■ **YOUR OBJECTIVE**: Skip the pictures. Transcribe the rest of the data below without changing a word.

::: SUPPLIED RECORDS :::

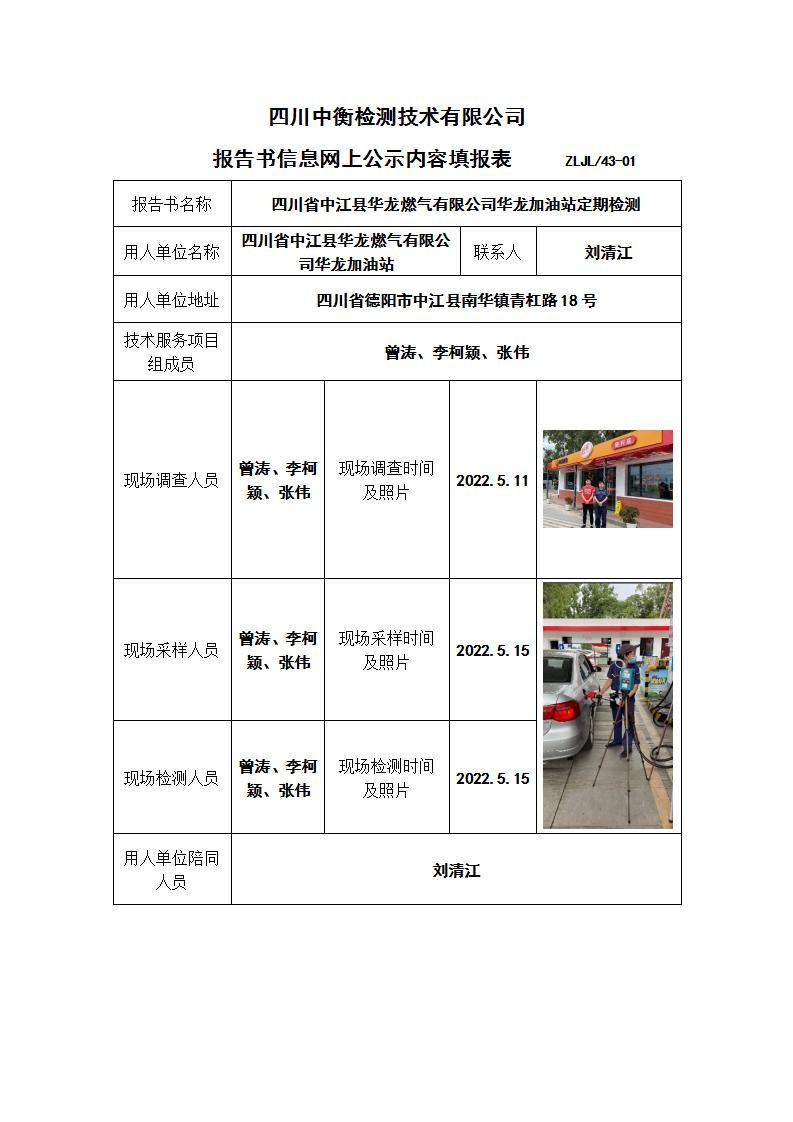 四川省中江县华龙燃气有限公司华龙加油站职业病危害定期检测
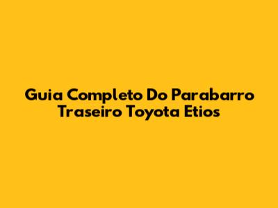 Guia Completo Do Parabarro Traseiro Toyota Etios
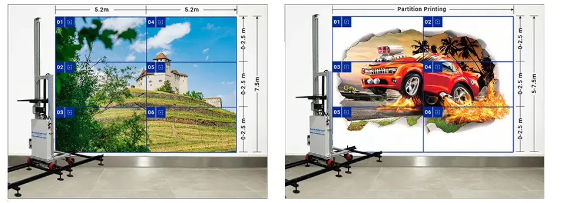 | A. When the height of the image is within 2.5 meters,No Partitioning required, one print done. | B. When you need to print images over 2.5 meters,the machine can to be raised by the scaffold for partition printing. |
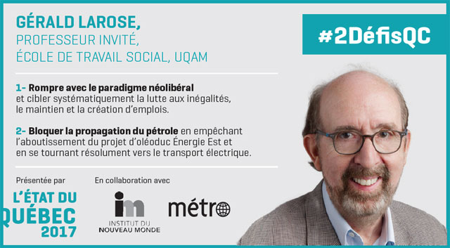 En collaboration avec le journal Métro, l’Institut du nouveau monde (INM) lance les #2défisQC. Dans L’état du Québec 2017, plusieurs personnalités ont été invitées à présenter les deux défis qui,
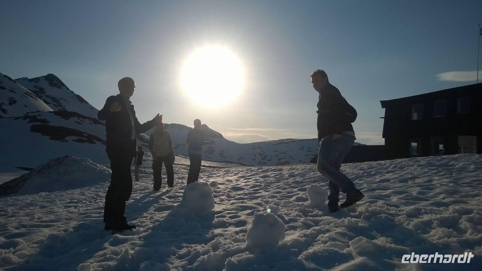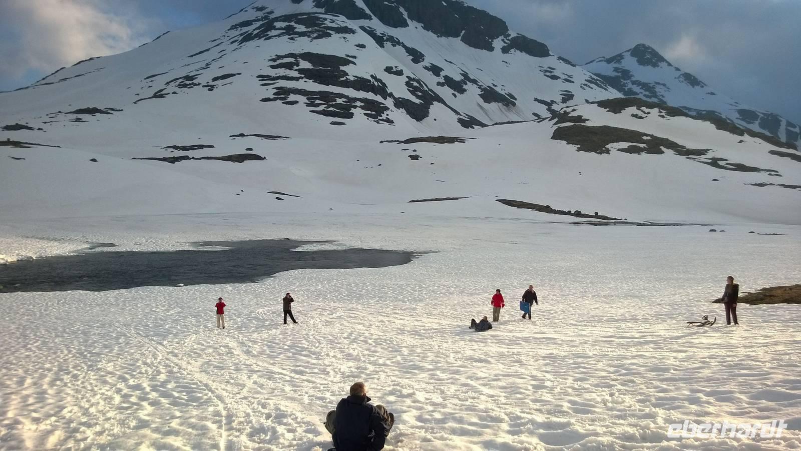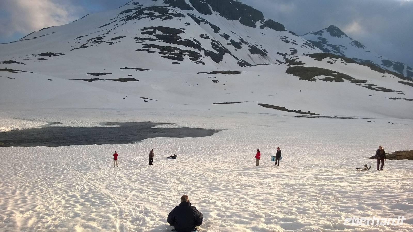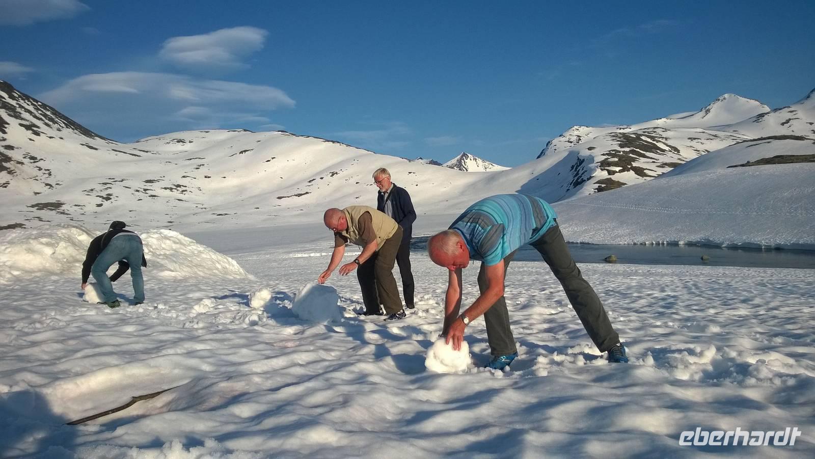 Aber schon bald führt uns die Reise gen Norden. Noch herrschen hochsommerliche Temperaturen. In Lom können wir noch einmal nach der Besichtigung der Stabkirche Sonne tanken und Eis schlecken. Aber schon 26 km später sieht das Eis ganz anders aus - waschechtes Eis und richtiger Schnee erwarten uns in den Bergen. Plötzlich biegt der Bus von der Panoramastraße „Sognefjellsvegen" scharf nach links ab, der Weg wird eng und holprig. Das sieht eher nach einem Witz aus! Hier sollen wir lang? Mit dem Bus? Eine Schranke wird für uns geöffnet und weiter fahren wir immer weiter nach oben, immer weiter in die Berge hinein. Schafe tummeln sich am Wegesrand, ab und an abenteuerlustige Camper, ansonsten keine Spuren mehr von Zivilisation. Schon die Anfahrt zu unserem Hotel ist ein kleines Abenteuer. Und als wir dann letzten Endes ankommen, stockt uns der Atem, so schön ist es hier! Die Berge, der Schnee, dazu scheint die Sonne und es ist warm! Nach dem Abendessen setzen wir doch tatsächlich eine Schnapsidee in die Tat um: Wir bauen Trolle aus Schnee und machen ein (unvollständiges) Gruppenfoto mit drei Trollen. Was für ein Spaß! Und was für ein schöner Blick!
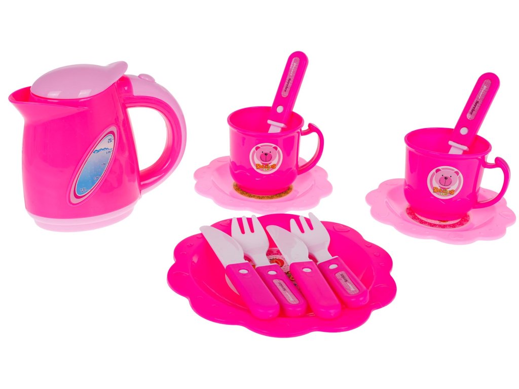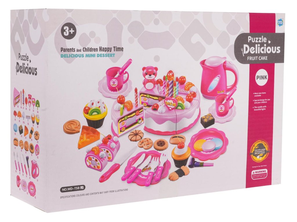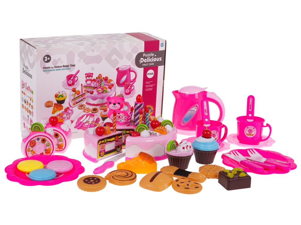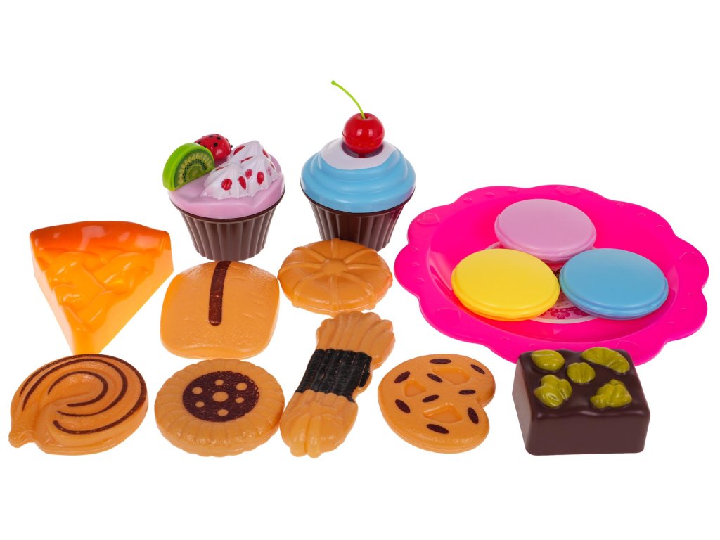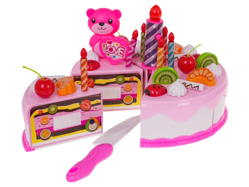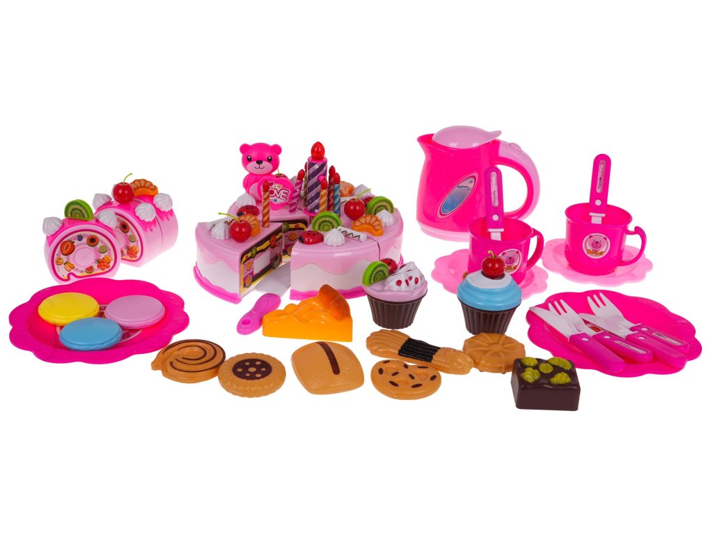 - 6 pieces of cake (total size approx. 8.5 cm x 15 cm), - 7 candles, including one larger, glowing one (approx. 7 cm x 2 cm – large candle, 4.5 x 0.5 cm – small candle), - 12 without (approx. 2 cm x 2 cm), - 5 cherries (approx. 4.5 cm x 2.5 cm), - teddy bear (approx. 6 cm x 3.5 cm), - 4 kiwis (approx. 2.5 cm x 2.5 cm), - 5 strawberries (approx. 2.5 cm x 1.5 cm), - 5 tangerines (approx. 2.5 cm x 1.5 cm), - 5 icing sticks (approx. 2.5 cm x 1.5 cm), - 2 cupcakes (approx. 5 cm x 6 cm), - 11 different cookies (different shapes, dimensions approx. 6 cm x 5 cm), - 3 pieces of roulade (total size approx. 7.5 cm x 7.5 cm x 6 cm), - 2 smaller knives (approx. 11 cm x 2 cm), - large knife (14 cm x 2.5 cm), - 2 teaspoons approx. 10 cm x 2.5 cm, - 2 forks approx. 10 cm x 2.5 cm, - 2 cups (approx. 5 cm x 7 cm), - roll approx. 7.5 cm x 6.5 cm, - 4 plates (small approx. 10 cm diameter, large approx. 13.5 cm diameter), - kettle approx. 10 cm x 11 cm x 4 cm, - whistle - decorative stickers. |

:::

■ **EXERCISE RESPONSE**:
 四川省中江县华龙燃气有限公司华龙加油站职业病危害定期检测
 Guia Completo Do Parabarro Traseiro Toyota Etios
 | A. When the height of the image is within 2.5 meters,No Partitioning required, one print done. | B. When you need to print images over 2.5 meters,the machine can to be raised by the scaffold for partition printing. |
 En collaboration avec le journal Métro, l’Institut du nouveau monde (INM) lance les #2défisQC. Dans L’état du Québec 2017, plusieurs personnalités ont été invitées à présenter les deux défis qui,
 Aber schon bald führt uns die Reise gen Norden. Noch herrschen hochsommerliche Temperaturen. In Lom können wir noch einmal nach der Besichtigung der Stabkirche Sonne tanken und Eis schlecken. Aber schon 26 km später sieht das Eis ganz anders aus - waschechtes Eis und richtiger Schnee erwarten uns in den Bergen. Plötzlich biegt der Bus von der Panoramastraße „Sognefjellsvegen" scharf nach links ab, der Weg wird eng und holprig. Das sieht eher nach einem Witz aus! Hier sollen wir lang? Mit dem Bus? Eine Schranke wird für uns geöffnet und weiter fahren wir immer weiter nach oben, immer weiter in die Berge hinein. Schafe tummeln sich am Wegesrand, ab und an abenteuerlustige Camper, ansonsten keine Spuren mehr von Zivilisation. Schon die Anfahrt zu unserem Hotel ist ein kleines Abenteuer. Und als wir dann letzten Endes ankommen, stockt uns der Atem, so schön ist es hier! Die Berge, der Schnee, dazu scheint die Sonne und es ist warm! Nach dem Abendessen setzen wir doch tatsächlich eine Schnapsidee in die Tat um: Wir bauen Trolle aus Schnee und machen ein (unvollständiges) Gruppenfoto mit drei Trollen. Was für ein Spaß! Und was für ein schöner Blick!
 - 6 pieces of cake (total size approx. 8.5 cm x 15 cm), - 7 candles, including one larger, glowing one (approx. 7 cm x 2 cm – large candle, 4.5 x 0.5 cm – small candle), - 12 without (approx. 2 cm x 2 cm), - 5 cherries (approx. 4.5 cm x 2.5 cm), - teddy bear (approx. 6 cm x 3.5 cm), - 4 kiwis (approx. 2.5 cm x 2.5 cm), - 5 strawberries (approx. 2.5 cm x 1.5 cm), - 5 tangerines (approx. 2.5 cm x 1.5 cm), - 5 icing sticks (approx. 2.5 cm x 1.5 cm), - 2 cupcakes (approx. 5 cm x 6 cm), - 11 different cookies (different shapes, dimensions approx. 6 cm x 5 cm), - 3 pieces of roulade (total size approx. 7.5 cm x 7.5 cm x 6 cm), - 2 smaller knives (approx. 11 cm x 2 cm), - large knife (14 cm x 2.5 cm), - 2 teaspoons approx. 10 cm x 2.5 cm, - 2 forks approx. 10 cm x 2.5 cm, - 2 cups (approx. 5 cm x 7 cm), - roll approx. 7.5 cm x 6.5 cm, - 4 plates (small approx. 10 cm diameter, large approx. 13.5 cm diameter), - kettle approx. 10 cm x 11 cm x 4 cm, - whistle - decorative stickers. |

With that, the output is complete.